(TASK):
Below are the records; copy exactly the lines from the first through the one containing "lsmem lscpu AMD", both included, and leave out the pictures.

(Recorded data):
☆ ☆ ☆ ☆ ☆ ☆ ☆
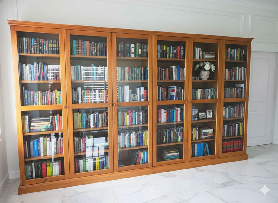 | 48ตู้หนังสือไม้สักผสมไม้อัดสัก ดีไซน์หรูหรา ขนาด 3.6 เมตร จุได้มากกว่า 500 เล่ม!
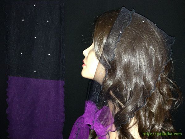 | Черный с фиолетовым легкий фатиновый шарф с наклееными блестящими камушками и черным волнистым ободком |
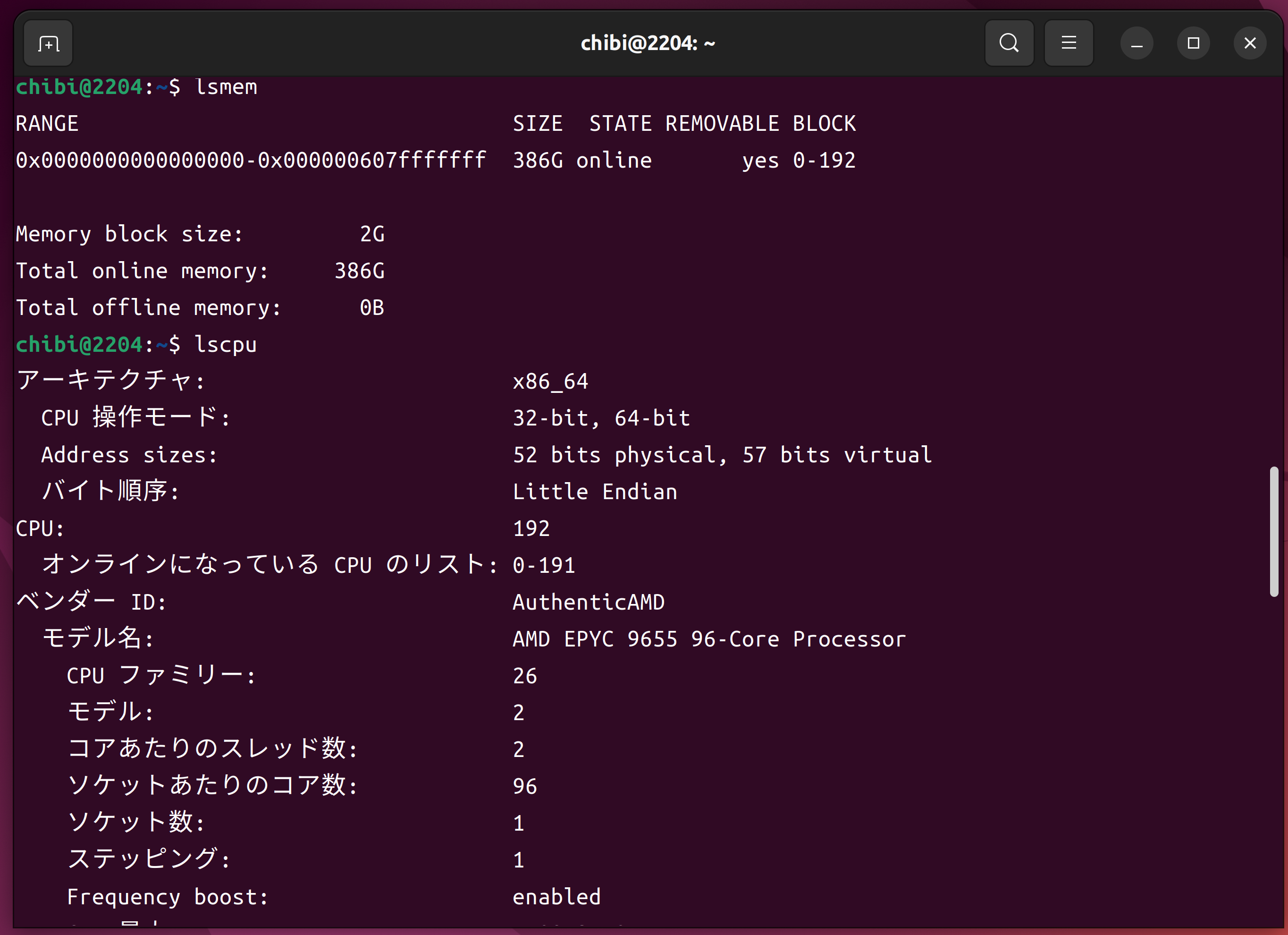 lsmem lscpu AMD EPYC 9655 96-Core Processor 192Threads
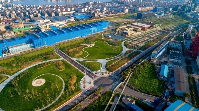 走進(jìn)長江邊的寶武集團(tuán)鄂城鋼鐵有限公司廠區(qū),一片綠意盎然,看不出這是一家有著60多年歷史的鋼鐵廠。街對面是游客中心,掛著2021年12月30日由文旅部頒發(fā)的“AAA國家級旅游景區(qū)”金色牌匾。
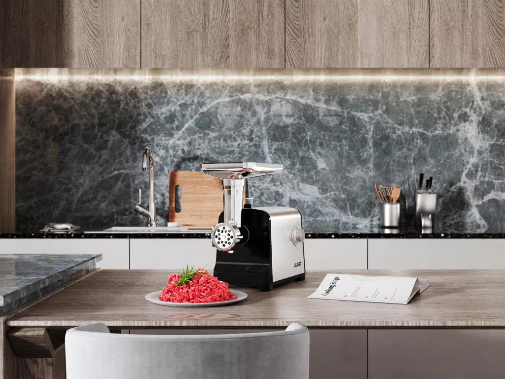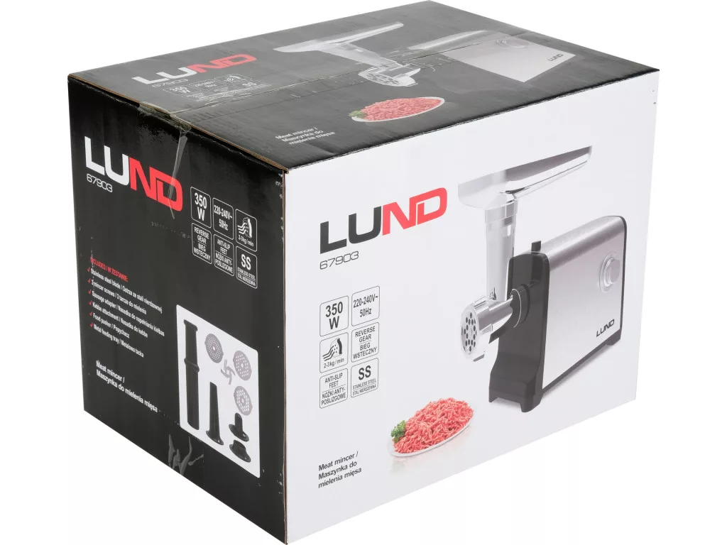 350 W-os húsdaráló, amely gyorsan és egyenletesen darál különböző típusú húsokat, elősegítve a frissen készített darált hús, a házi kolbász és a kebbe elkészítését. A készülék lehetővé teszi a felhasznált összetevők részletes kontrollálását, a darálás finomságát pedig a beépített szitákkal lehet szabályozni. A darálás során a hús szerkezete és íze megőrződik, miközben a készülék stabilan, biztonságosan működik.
☆ ☆ ☆ ☆ ☆ ☆ ☆
(SOLUTION FOR THIS PROBLEM):
 | 48ตู้หนังสือไม้สักผสมไม้อัดสัก ดีไซน์หรูหรา ขนาด 3.6 เมตร จุได้มากกว่า 500 เล่ม!
 | Черный с фиолетовым легкий фатиновый шарф с наклееными блестящими камушками и черным волнистым ободком |
 lsmem lscpu AMD EPYC 9655 96-Core Processor 192Threads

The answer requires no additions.